People peddle products during disaster

Scott Smith, right, talks with two Exxon Mobil officials who said they were not allowed to give their names to the media. Smith, of Cape Cod, Mass., was questioned about putting a foam product in the oily stormwater ditch on U.S. 365 in Mayflower. Smith said he used his product in another oil spill with Exxon Mobil’s blessing, but company officials said they did not give him permission to do so in Mayflower.
Scott Smith, right, talks with two Exxon Mobil officials who said they were not allowed to give their names to the media. Smith, of Cape Cod, Mass., was questioned about putting a foam product in the oily stormwater ditch on U.S. 365 in Mayflower. Smith said he used his product in another oil spill with Exxon Mobil’s blessing, but company officials said they did not give him permission to do so in Mayflower.

Scott Smith of Cape Cod, Mass., stood on the shoulder of U.S. 365 in Mayflower on Monday and cast into the drainage ditch a piece of green foam fringe that looked like a hula skirt.

He recorded it with a digital camera and said it was attracting “tar-sand oil like a magnet.”

“I’m going to try to get this deployed where they need it,” he said.

Shortly thereafter, Exxon Mobil Corp. officials arrived and asked Smith to leave and fished the object out of the ditch.

“We’re going to dispose of it,” said an Exxon Mobil official, who did not want to give his name.

Although the man’s name was on a hard hat he was wearing, he said he would be “reprimanded” if his name was published.

The Exxon Mobil employee, a pipeliner who lives in Texas but who previously lived in Faulkner County, said his job is to make sure his crew works safely, to keep the public — and reporters — away from the oil spill and to refer media to the command center.

“I don’t know this guy,” the official said of Smith.

Smith’s business card listed him as president/CEO of Opflex Solutions of Massachusetts.

“Exxon called me,” he said while he was casting his product. Not for the Mayflower spill, he said, but for an oil spill on the Yellowstone River in Montana in 2011.

Because of that experience, Smith said, he left his home in Cape Cod at 3 a.m. Monday on a flight to make it to Mayflower that afternoon to help.

He had several of the Opflex products in the back of his vehicle.

“It absorbs 32 times its weight,” he said.

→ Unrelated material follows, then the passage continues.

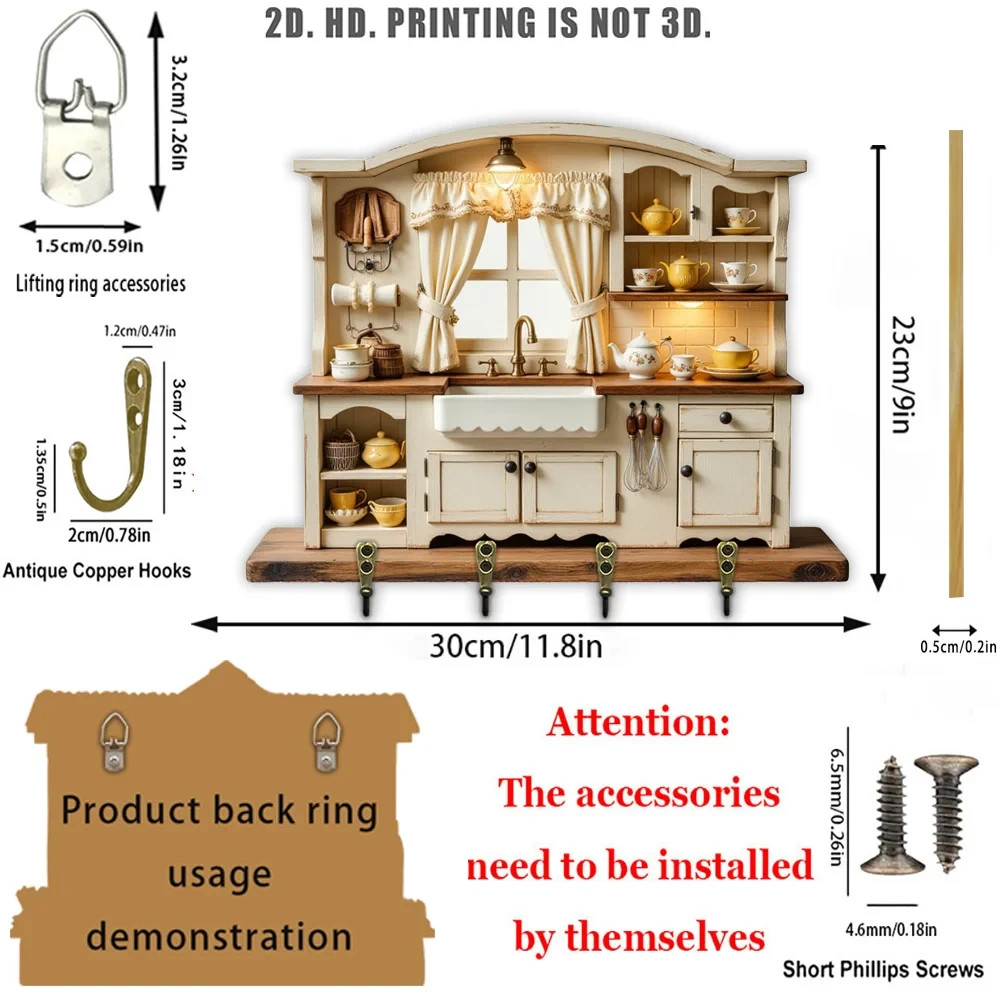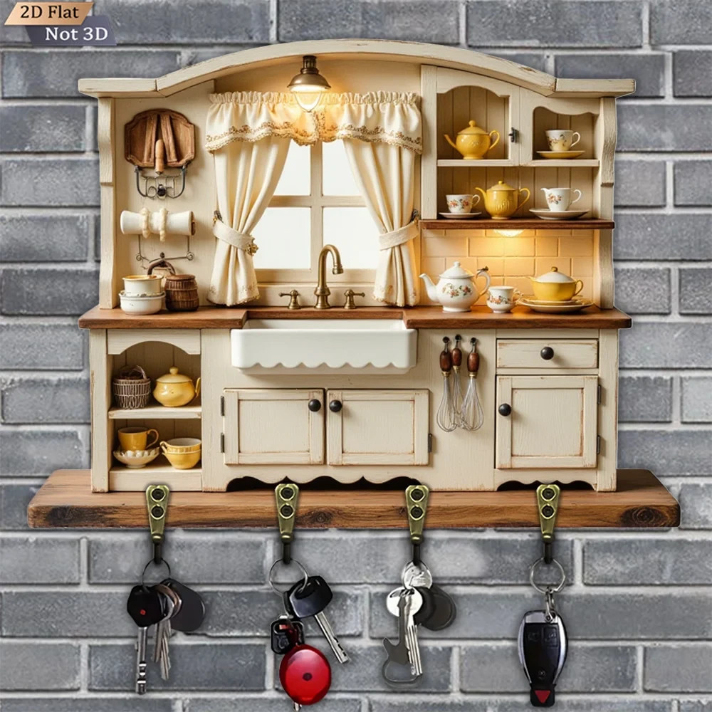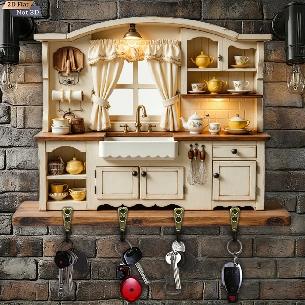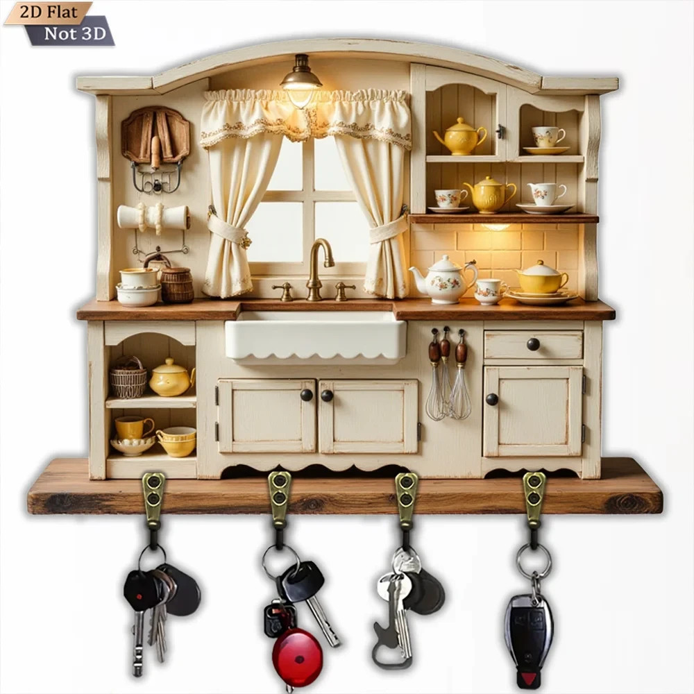 $ 15.49Wall Keychain 30cm - Elegant Coffee Shop Organizer 2D 4 Hooks Entrance

The Exxon Mobil employee said people come out of the woodwork during disasters. He said one man came and asked him to try his product, “some stuff he could sprinkle” on the oil to dry it up.

“There is a piece of our organization that only responds to vendor inquiries,” said Faulkner County Judge Allen Dodson, local on-scene commander for the cleanup.

“I’ve got so many emails of people who want to do business here, people calling in: ‘My absorbent material works best. It’s only been rejected for political reasons,’” he said.

He said that in addition to 120 Exxon Mobil employees, there were state, federal and local representatives on the scene, and “they’re still ramping up.”

He said as of Monday, 12,000 barrels of oil and water have been vacuumed up.

“I don’t see them being done in less than a month,” he said of the cleanup.

The cause of the crude-oil underground pipeline rupture also won’t be known for some time, he said. The leak happened between two backyards of homes on a cul-de-sac in the Northwoods subdivision in Mayflower, he said.